[Exercise objective]
Copy each line of the data below with the word "BeGAU".

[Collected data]
----------------------------------------

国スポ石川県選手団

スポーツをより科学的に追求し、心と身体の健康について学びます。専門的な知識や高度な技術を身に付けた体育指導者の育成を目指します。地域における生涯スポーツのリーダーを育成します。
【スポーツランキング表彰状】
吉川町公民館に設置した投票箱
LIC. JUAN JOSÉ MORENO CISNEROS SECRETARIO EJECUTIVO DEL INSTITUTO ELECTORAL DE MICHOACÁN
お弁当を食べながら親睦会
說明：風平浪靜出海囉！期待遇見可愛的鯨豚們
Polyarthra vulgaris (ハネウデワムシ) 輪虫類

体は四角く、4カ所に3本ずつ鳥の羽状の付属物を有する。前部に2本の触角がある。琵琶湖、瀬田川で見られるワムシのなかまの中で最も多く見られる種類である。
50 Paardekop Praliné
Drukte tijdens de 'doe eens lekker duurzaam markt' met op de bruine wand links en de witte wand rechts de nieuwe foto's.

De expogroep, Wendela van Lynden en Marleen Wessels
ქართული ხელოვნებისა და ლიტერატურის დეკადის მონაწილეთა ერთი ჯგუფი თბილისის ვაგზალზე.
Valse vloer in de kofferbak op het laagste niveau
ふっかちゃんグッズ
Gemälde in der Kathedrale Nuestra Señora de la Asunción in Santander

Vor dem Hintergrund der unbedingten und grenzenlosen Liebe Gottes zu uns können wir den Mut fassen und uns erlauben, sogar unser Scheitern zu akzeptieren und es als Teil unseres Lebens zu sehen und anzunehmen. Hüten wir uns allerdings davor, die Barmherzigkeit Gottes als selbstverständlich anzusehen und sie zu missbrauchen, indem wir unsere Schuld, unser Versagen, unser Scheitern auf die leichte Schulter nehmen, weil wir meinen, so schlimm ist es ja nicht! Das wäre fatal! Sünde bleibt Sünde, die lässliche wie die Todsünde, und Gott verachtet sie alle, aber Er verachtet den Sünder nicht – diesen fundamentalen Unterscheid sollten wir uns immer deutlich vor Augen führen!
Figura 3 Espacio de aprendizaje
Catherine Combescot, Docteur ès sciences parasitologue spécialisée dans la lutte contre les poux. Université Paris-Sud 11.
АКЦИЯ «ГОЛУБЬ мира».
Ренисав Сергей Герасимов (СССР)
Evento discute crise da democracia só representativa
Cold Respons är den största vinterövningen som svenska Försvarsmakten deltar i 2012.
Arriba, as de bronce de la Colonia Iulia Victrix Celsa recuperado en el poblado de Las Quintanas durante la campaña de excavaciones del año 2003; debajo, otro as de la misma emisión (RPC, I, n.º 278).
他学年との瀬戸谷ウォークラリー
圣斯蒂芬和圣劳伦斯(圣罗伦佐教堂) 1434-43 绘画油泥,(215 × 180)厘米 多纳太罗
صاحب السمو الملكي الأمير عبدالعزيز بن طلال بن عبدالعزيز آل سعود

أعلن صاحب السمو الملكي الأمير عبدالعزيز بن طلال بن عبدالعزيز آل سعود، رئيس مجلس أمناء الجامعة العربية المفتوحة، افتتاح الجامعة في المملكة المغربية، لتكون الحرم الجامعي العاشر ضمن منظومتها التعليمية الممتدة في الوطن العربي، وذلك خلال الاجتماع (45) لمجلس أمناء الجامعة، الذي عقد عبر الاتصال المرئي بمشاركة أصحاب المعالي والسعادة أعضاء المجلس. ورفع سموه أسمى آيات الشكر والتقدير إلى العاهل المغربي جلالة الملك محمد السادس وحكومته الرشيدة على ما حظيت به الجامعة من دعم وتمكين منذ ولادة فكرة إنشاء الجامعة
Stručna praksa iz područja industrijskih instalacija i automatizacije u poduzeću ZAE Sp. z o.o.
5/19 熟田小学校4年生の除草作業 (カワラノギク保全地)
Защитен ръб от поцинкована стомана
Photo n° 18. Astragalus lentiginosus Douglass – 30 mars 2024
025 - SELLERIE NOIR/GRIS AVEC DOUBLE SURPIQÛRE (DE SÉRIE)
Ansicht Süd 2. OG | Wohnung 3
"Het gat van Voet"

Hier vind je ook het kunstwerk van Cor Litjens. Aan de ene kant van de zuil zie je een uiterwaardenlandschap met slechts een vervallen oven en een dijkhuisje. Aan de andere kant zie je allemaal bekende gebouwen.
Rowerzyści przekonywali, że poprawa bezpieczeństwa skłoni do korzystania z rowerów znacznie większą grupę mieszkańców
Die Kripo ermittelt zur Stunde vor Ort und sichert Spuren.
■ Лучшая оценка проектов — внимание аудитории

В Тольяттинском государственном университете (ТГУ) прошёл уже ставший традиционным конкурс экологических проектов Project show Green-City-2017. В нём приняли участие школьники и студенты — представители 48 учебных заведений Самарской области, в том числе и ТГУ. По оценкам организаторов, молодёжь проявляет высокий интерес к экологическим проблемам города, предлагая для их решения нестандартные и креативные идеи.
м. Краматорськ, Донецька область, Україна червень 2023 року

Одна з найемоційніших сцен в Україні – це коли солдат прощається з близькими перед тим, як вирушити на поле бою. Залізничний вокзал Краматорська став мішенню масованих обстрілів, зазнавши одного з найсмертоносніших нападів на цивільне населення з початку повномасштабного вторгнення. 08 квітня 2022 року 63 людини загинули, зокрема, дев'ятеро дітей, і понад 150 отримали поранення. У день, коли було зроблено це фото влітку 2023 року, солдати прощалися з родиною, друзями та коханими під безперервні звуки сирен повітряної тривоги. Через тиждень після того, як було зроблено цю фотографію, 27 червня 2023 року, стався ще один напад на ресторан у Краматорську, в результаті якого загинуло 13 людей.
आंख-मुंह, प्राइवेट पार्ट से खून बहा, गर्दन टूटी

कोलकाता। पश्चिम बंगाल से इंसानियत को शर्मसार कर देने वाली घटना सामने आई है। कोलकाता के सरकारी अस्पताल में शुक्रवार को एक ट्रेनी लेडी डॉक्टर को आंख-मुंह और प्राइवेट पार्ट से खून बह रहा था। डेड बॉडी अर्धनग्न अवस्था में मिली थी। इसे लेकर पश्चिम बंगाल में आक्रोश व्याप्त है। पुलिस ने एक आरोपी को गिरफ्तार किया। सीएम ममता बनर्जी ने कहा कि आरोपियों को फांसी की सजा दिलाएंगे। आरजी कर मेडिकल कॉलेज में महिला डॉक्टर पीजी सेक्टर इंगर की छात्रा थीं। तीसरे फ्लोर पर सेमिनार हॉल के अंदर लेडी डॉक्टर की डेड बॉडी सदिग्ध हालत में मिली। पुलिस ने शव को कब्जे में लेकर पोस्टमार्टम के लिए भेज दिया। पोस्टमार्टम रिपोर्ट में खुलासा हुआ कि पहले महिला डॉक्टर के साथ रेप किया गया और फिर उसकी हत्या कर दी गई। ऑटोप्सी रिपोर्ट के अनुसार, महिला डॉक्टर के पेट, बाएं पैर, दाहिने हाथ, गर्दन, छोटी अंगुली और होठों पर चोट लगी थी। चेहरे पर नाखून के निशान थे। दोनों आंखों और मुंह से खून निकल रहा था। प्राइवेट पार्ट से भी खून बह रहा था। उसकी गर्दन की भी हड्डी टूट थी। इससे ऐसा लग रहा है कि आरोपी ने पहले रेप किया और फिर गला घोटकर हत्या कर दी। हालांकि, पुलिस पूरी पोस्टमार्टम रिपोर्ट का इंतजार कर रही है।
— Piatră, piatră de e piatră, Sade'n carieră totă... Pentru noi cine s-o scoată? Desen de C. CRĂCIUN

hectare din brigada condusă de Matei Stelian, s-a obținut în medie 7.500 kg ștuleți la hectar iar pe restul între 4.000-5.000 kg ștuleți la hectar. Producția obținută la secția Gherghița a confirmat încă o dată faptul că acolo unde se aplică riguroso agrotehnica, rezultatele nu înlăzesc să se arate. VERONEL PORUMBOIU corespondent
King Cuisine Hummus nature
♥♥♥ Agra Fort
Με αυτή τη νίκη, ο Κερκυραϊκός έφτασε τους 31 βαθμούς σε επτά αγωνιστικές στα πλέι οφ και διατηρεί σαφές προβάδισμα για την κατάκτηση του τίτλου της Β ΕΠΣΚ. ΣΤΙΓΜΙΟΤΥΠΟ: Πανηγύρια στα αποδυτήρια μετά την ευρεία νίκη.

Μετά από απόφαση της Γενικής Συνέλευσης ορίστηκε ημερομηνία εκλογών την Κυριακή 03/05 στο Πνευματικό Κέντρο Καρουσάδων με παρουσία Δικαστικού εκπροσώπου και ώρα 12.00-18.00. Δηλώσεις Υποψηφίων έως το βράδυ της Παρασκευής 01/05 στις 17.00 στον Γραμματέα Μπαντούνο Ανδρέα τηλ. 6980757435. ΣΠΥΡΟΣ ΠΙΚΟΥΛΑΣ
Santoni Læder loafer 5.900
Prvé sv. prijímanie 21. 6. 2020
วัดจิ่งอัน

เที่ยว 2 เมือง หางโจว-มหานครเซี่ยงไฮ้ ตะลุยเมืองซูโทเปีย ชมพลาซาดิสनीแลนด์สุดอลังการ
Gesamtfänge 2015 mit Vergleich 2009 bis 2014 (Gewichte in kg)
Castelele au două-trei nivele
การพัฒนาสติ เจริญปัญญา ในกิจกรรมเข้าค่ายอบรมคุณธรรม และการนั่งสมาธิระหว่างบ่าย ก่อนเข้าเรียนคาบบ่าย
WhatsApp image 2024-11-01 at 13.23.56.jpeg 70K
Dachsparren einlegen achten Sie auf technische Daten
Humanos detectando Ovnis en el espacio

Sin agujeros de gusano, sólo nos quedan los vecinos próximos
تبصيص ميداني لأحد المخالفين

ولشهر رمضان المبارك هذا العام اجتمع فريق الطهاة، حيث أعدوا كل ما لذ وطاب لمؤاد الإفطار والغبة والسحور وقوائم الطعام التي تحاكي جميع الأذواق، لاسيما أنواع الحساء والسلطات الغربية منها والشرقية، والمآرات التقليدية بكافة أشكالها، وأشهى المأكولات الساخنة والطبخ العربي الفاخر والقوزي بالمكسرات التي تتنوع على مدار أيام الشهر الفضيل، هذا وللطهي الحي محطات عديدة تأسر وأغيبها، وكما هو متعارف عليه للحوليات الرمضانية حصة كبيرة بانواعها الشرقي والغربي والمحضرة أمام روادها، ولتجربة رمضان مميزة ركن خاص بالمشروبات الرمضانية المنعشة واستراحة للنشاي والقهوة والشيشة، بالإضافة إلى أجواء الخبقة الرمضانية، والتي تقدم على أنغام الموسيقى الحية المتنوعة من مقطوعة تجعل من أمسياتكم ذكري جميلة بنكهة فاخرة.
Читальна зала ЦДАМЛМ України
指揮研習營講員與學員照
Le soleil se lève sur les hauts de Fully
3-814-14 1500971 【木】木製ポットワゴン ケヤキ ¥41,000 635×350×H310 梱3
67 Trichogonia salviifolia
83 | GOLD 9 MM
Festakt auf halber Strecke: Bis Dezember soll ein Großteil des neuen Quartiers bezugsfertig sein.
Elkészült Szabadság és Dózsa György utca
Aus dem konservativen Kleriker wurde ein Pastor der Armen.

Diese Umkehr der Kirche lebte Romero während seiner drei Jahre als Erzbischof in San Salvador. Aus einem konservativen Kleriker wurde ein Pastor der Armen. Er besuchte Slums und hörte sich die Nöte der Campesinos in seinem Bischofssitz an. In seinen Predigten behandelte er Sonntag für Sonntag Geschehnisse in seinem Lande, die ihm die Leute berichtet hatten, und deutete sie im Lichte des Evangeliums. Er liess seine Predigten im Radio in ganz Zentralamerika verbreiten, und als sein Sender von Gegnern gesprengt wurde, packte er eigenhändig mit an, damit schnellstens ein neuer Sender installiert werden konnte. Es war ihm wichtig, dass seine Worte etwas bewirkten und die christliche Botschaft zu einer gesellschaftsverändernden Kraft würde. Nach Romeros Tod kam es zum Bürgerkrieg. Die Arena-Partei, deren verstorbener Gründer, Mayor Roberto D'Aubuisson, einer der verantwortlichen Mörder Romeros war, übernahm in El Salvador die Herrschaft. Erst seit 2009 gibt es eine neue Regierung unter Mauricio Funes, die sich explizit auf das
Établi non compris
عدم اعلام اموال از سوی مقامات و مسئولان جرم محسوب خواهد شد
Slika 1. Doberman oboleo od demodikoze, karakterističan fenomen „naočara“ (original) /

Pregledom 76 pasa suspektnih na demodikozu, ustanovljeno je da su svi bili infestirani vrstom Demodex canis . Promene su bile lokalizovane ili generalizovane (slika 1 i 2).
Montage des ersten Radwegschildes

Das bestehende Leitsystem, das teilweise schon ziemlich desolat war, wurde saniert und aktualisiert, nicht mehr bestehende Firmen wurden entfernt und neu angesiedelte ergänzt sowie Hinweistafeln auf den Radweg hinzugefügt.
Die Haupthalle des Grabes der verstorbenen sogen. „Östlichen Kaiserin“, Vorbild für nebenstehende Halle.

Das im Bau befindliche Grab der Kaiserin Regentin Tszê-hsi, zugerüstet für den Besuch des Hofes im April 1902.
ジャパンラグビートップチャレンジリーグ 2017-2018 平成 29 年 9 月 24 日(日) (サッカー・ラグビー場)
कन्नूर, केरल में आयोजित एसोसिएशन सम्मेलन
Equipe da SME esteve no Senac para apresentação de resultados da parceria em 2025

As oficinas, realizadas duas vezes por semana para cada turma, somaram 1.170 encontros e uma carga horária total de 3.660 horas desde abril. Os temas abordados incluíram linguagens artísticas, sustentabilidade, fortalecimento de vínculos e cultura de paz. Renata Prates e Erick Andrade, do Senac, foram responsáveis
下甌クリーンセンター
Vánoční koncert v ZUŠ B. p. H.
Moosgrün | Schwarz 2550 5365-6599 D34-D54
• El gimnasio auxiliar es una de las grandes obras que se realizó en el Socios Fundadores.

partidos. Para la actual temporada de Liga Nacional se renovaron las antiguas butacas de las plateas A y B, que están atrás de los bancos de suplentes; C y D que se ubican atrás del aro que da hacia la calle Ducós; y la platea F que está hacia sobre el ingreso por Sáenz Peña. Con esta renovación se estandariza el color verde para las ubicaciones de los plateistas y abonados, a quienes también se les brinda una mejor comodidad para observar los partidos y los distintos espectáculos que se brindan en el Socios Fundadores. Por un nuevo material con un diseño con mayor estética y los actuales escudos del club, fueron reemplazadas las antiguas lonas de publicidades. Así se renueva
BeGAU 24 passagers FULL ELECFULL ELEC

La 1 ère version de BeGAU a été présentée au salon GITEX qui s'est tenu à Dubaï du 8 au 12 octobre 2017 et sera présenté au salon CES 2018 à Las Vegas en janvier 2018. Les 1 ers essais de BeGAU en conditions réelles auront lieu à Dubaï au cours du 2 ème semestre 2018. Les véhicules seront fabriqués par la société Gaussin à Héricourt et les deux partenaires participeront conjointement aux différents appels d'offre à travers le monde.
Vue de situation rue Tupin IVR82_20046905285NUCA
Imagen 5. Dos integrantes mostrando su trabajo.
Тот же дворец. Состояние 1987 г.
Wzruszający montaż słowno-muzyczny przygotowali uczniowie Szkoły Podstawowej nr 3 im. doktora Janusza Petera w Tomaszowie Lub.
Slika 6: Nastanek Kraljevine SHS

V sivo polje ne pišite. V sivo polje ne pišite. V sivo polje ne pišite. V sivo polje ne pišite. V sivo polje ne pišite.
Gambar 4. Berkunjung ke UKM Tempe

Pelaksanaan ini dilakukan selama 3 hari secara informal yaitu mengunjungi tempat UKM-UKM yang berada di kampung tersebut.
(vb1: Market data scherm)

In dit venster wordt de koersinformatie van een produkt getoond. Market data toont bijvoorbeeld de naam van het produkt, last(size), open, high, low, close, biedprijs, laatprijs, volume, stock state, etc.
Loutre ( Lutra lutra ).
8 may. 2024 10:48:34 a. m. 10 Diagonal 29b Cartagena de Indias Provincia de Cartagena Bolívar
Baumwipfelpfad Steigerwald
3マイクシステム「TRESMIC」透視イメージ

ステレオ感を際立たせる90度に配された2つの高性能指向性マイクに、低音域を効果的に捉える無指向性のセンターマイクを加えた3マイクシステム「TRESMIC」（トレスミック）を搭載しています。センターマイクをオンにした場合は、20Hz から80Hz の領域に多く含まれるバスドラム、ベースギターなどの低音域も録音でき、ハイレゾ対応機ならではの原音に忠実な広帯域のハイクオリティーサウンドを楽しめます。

----------------------------------------

[Answer to the problem]
BeGAU 24 passagers FULL ELECFULL ELEC
La 1 ère version de BeGAU a été présentée au salon GITEX qui s'est tenu à Dubaï du 8 au 12 octobre 2017 et sera présenté au salon CES 2018 à Las Vegas en janvier 2018. Les 1 ers essais de BeGAU en conditions réelles auront lieu à Dubaï au cours du 2 ème semestre 2018. Les véhicules seront fabriqués par la société Gaussin à Héricourt et les deux partenaires participeront conjointement aux différents appels d'offre à travers le monde.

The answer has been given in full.